When you open Chrome Dev Tools (F12, Ctrl+Shit+I or Right Mouse Click + Inspect), you’ll find a tab called “Performance”, as in the following screenshot.

It’s a really powerful tool that is ready to use, no effort required. But I have to admit that it might be complicated to use at first, at least for me. Don’t, however, let this discourage you. It’s really worth learning how it works, thanks to the many benefits it provides. I’m now going to introduce you to it. If you’re already familiar with it, perhaps you’ll find something useful; something you didn’t know. Let’s dive in!

Why do we need to measure performance?

For years, web applications have been getting increasingly complex. After all, we create them in order to perform more and more operations. That’s okay — browsers are getting better as well, enabling them to handle those operations faster. However, as with everything — there are limitations. In the case of web applications, the effect of reaching the limit of a browser’s capabilities is that your application will freeze (and possibly, even the browser tab will crash)! This is really bad for user experience.

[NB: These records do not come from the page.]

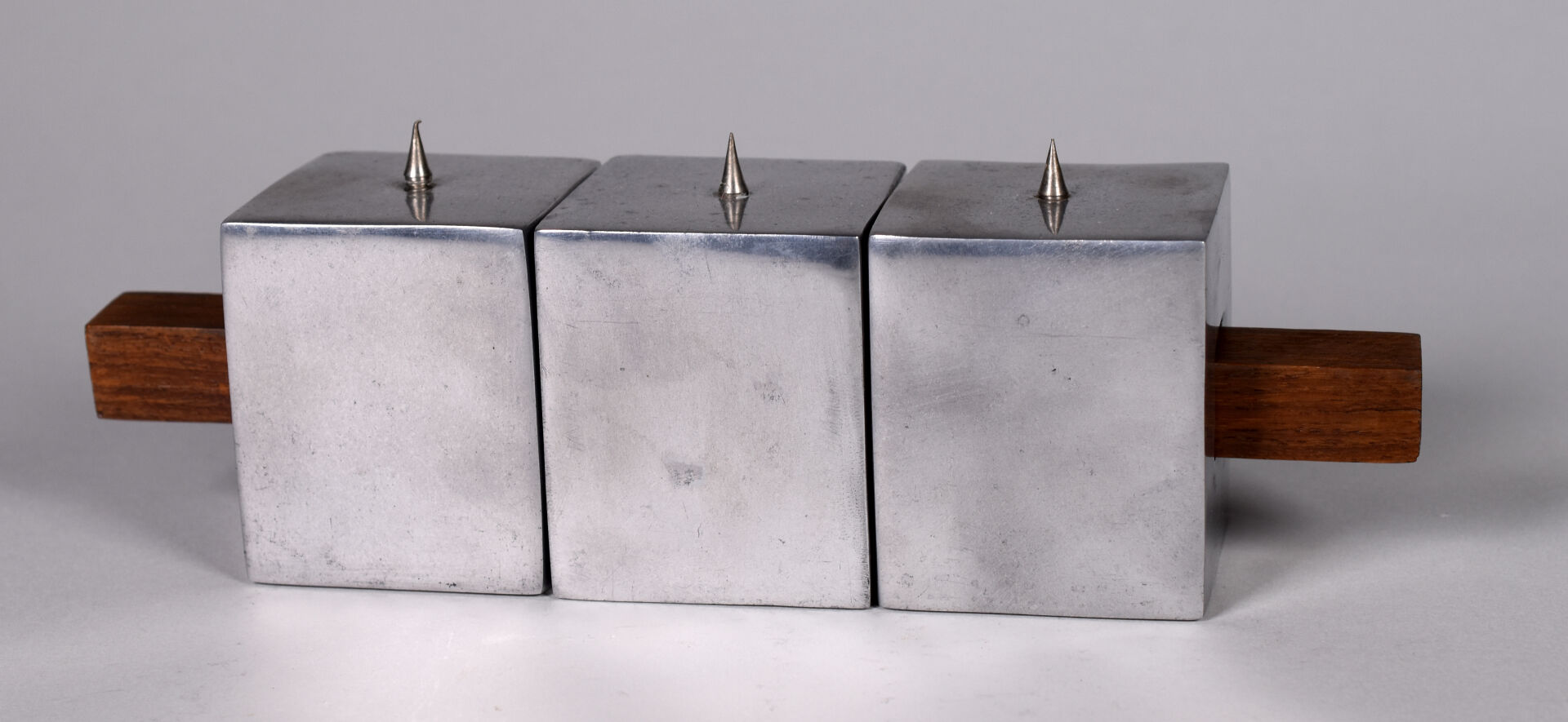 Lot n° 306 Adjugé : 60 € 3 pique-cierges cubiques en métal, coulissants sur une… Estimation : 60 / 80 €
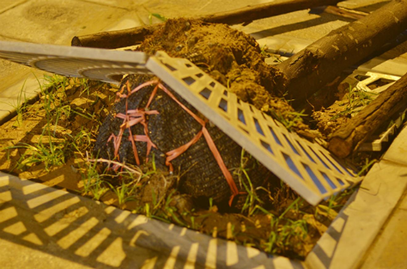 Một số cây trồng trên đường Nguyễn Văn Trỗi, Trần Phú (Hà Đông), Dương Đình Nghệ (Cầu Giấy, Hà Nội) bị bật gốc trong bão Marinae lộ nguyên vỏ bọc bằng nhựa, nylon.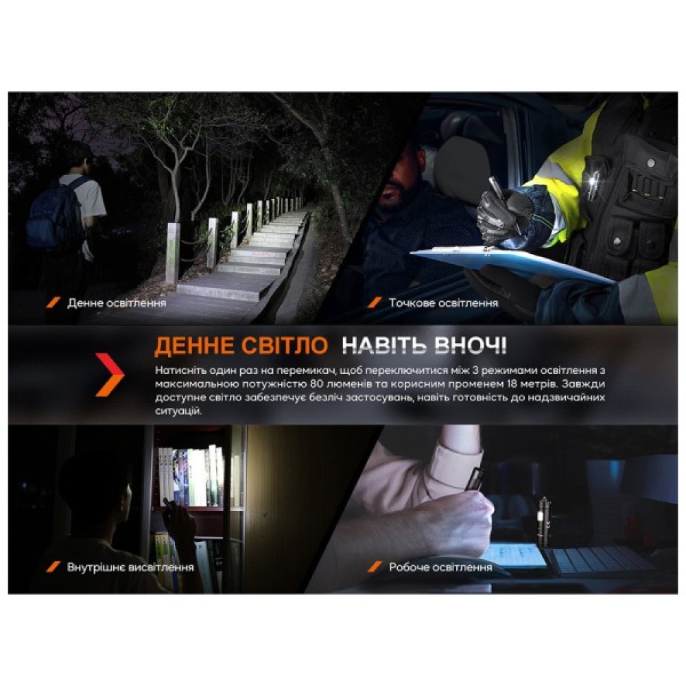 - У заблокованому положенні клацання або натискання кнопки запускає два короткі миготіння на найменшому режимі, щоб вказати на статус блокування. Високий: Максимальний світловий потік, який досягає 80 люменів, на відстані дії променя 18 метрів. Час роботи – 40 хвилин. Інтенсивність освітлення – 82 кандели.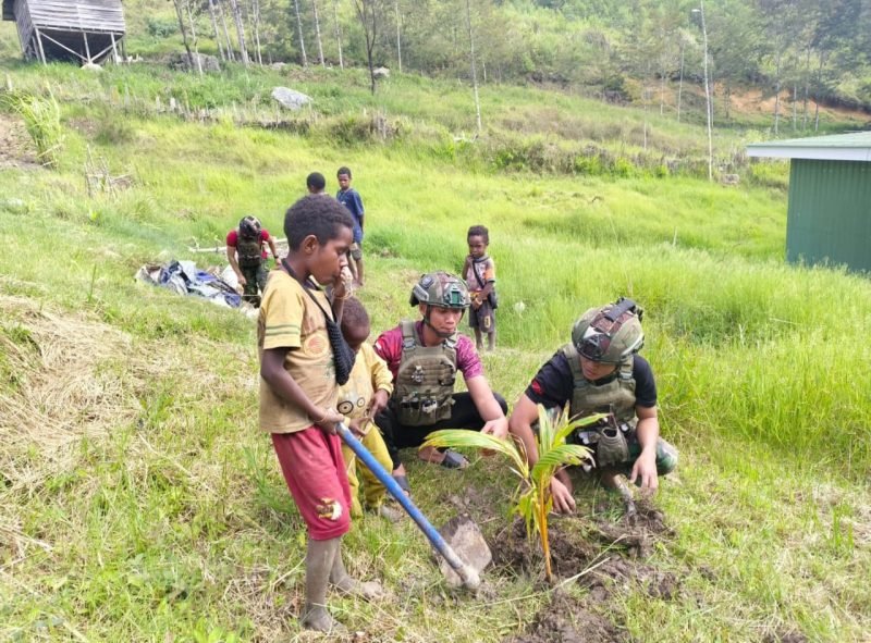 Wuloni Papua, Beritafakta.id – Di balik hijaunya lembah dan pegunungan Papua yang menjulang, sebuah langkah kecil namun sarat makna dilakukan oleh prajurit Satgas Pamtas RI-PNG Yonif 700/Wira Yudha Cakti. Melalui Pos Wuloni, para prajurit bersama masyarakat Kampung Wuloni, Distrik Ilaga Utara, Kabupaten Puncak, menggelar kegiatan penanaman pohon kelapa untuk pertama kalinya di daerah tersebut, (2/7/2025).
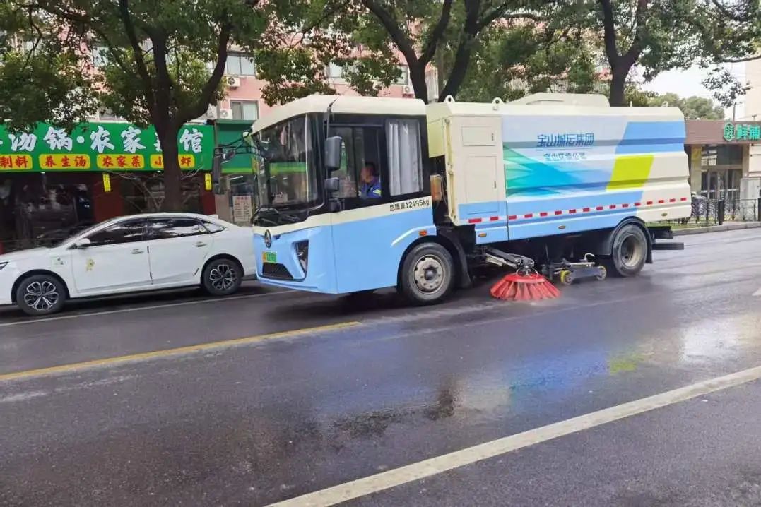 宝山环境卫生服务有限公司对道路进行全面深度清洁。环卫工作人员采用精细化清扫方式,重点清理路面杂物、人行道积尘及绿化带内的垃圾,不放过任何一个卫生死角。同时配合洒水车、洗扫车对道路进行冲洗作业,还原道路本色,提升整体环境品质。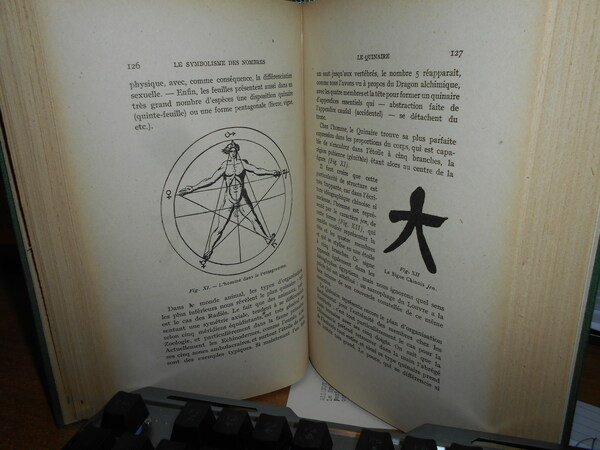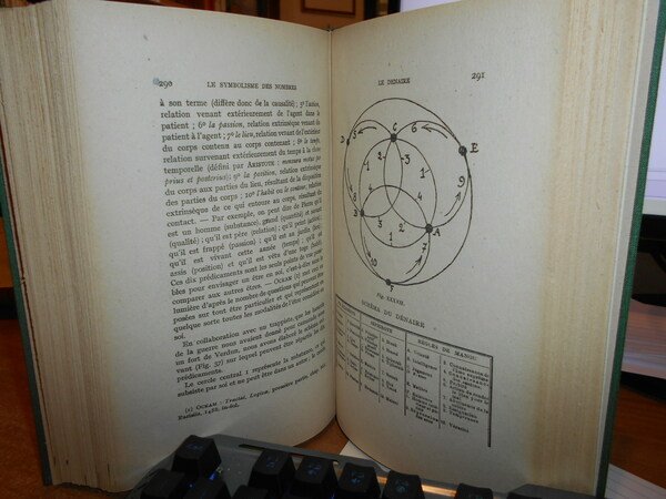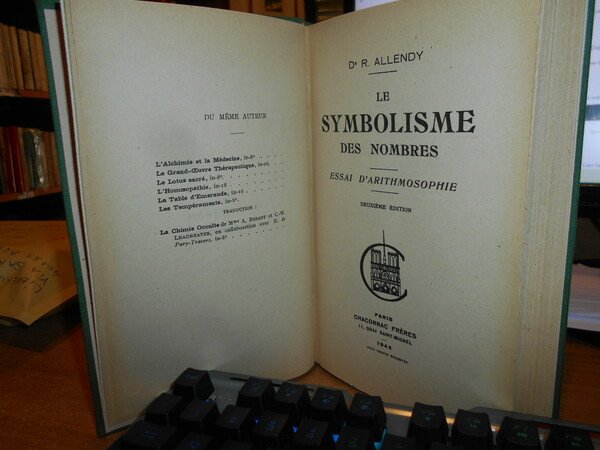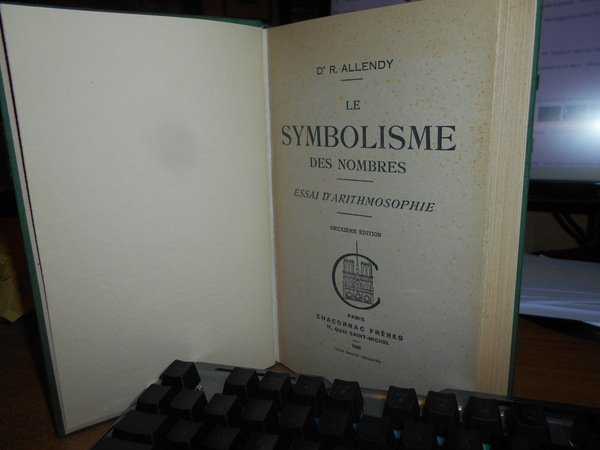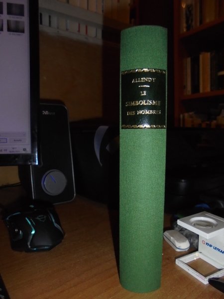 R. ALLENDY. Paris, Chacornac, 1948. LE SYMBOLISME des NOMBRES. Essai d' Arithmosophie. In-8°, tela verde con titolo in oro entro tassello al dorso, copertine originali conservate. xiv, 408, (1) pp. con figure nel testo. Ottimo esemplare con le copertine originali conservate. Uno strumento di conoscenza esoterica o sovrarazionale, l'aritmosofia, o scienza simbolica dei numeri , considera non i numeri aritmetici ma i numeri simbolici, giudicando che i primi non hanno un legame interiore con l'essenza degli oggetti a cui si riferiscono, mentre i secondi, dotati dotati di significato o forza simbolica, esprimono un'unione essenziale che hanno con i loro oggetti. Ad esempio, tutte e nove le Muse non avrebbero più la stessa virtù sintetica se fossero otto o dieci, anche se ciascuna conserverebbe caratteristiche simili.

In light of the above, you might want to measure your application’s performance and find any bottlenecks you might have. In my example, simply by measuring the performance once, we were able to detect and fix a piece of our code that was responsible for a very significant percentage of computations on a page.

Chrome Dev Tools Performance Tab

Example usage of Chrome Performance Tools

The basic control for the Performance tab is the record button on the top left corner. As the instruction says, by clicking it you start recording what’s happening on your page. I’ll show you how the results of such a recording are looking. Before you click it, however, it’s worth exploring possible options we could set. You could decide to add screenshots or memory snapshots to your results. Important options are hidden under the cog on the top right corner. When you open additional menus, you might find that these options end up slowing down your network or throttling the CPU. It’s important, as you’re probably developing your application on quite a powerful machine, in an environment you can control. But it’s very probable that your users will have slower machines. This way, you can easily put yourself in their position.

Recording a Profile

When we have basic options set up, it’s time to start recording our application’s behavior and see some results!

As you start recording, you’ll see something like the following.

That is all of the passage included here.